Tendo, pois, os soldados crucificado a Jesus, tomaram as suas vestes, e fizeram quatro partes, para cada soldado uma parte; e também a túnica. A túnica, porém, tecida toda de alto a baixo, não tinha costura. Disseram, pois, uns aos outros:
- Não a rasguemos, mas lancemos sortes sobre ela, para ver de quem será.
Para que se cumprisse a Escritura que diz: Repartiram entre si as minhas vestes, E sobre a minha vestidura lançaram sortes. Os soldados, pois, fizeram estas coisas. E junto à cruz de Jesus estava sua mãe, e a irmã de sua mãe, Maria mulher de Clopas, e Maria Madalena. Ora Jesus, vendo ali sua mãe, e que o discípulo a quem ele amava estava presente, disse a sua mãe:
- Mulher, eis aí o teu filho.
Depois disse ao discípulo:
- Eis aí tua mãe.
E desde aquela hora o discípulo a recebeu em sua casa. Depois, sabendo Jesus que já todas as coisas estavam terminadas, para que a Escritura se cumprisse, disse:
- Tenho sede.
Estava, pois, ali um vaso cheio de vinagre. E encheram de vinagre uma esponja, e, pondo-a num hissope, lha chegaram à boca. e, quando Jesus tomou o vinagre, disse:
- Está consumado.
E, inclinando a cabeça, entregou o espírito. Os judeus, pois, para que no sábado não ficassem os corpos na cruz, visto como era a preparação (pois era grande o dia de sábado), rogaram a Pilatos que se lhes quebrassem as pernas, e fossem tirados. Foram, pois, os soldados, e, na verdade, quebraram as pernas ao primeiro, e ao outro que como ele fora crucificado; Mas, vindo a Jesus, e vendo-o já morto, não lhe quebraram as pernas. Contudo um dos soldados lhe furou o lado com uma lança, e logo saiu sangue e água.

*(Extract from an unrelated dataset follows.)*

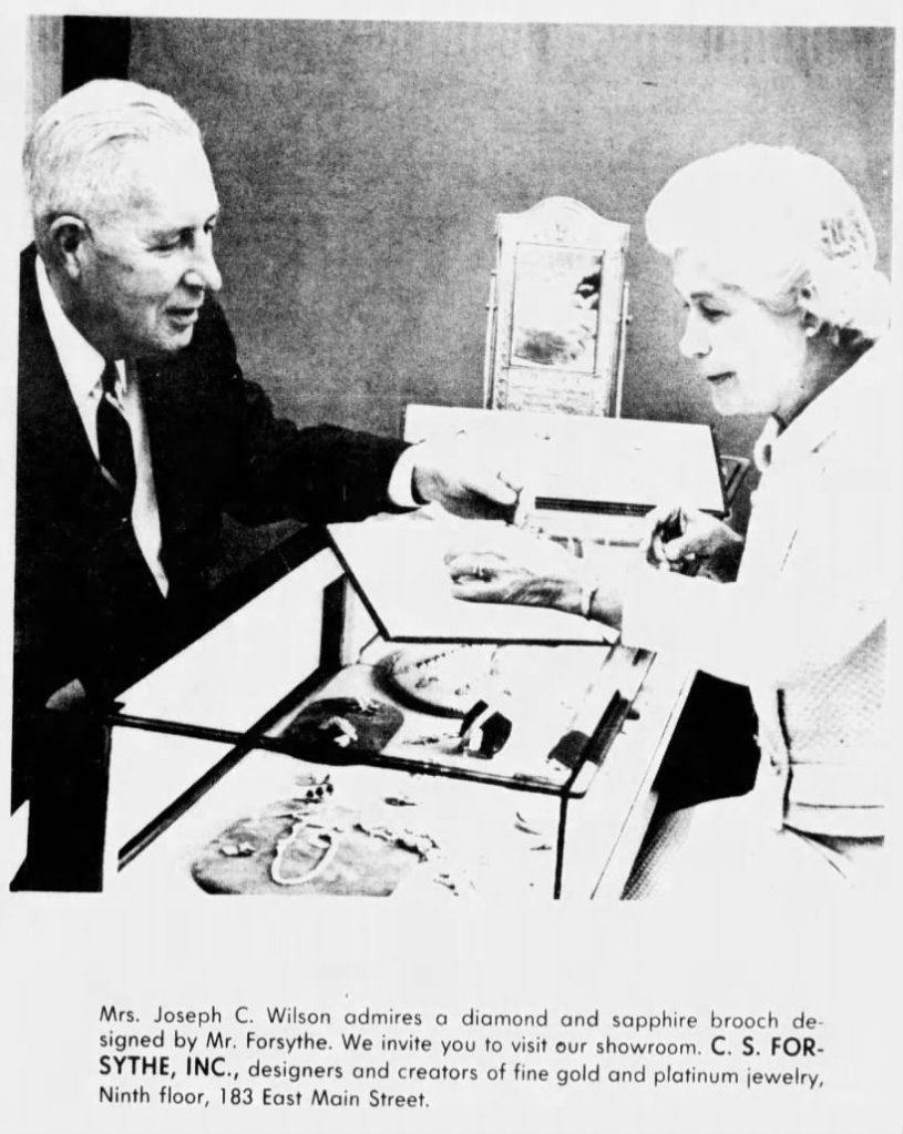And to bring it back around to 39 East Main Street, here is the wife of Joseph C. Wilson, Marie (“Peggy”) Curran Wilson at C. S. Forsythe, Inc. Jewelers, formerly at 39 East Main Street, in 1967. By this point, the old iron storefronts of her husband’s accomplished grandfather were twelve years or more gone.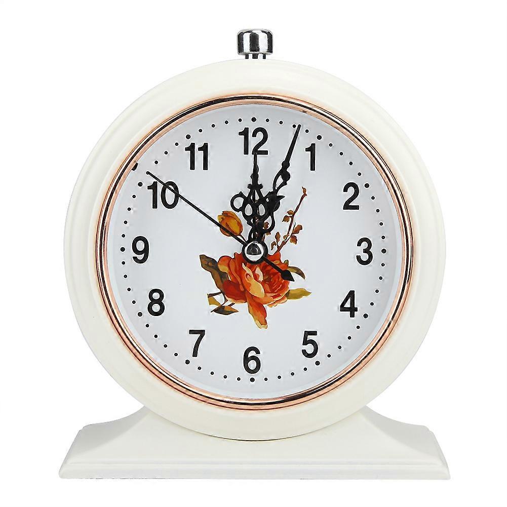 Vintage Metal Twin Bell Alarm Clock with Night Light (White)

E aquele que o viu testificou, e o seu testemunho é verdadeiro; e sabe que é verdade o que diz, para que também vós o creiais. Porque isto aconteceu para que se cumprisse a Escritura, que diz: Nenhum dos seus ossos será quebrado. E outra vez diz a Escritura: Verão aquele que traspassaram.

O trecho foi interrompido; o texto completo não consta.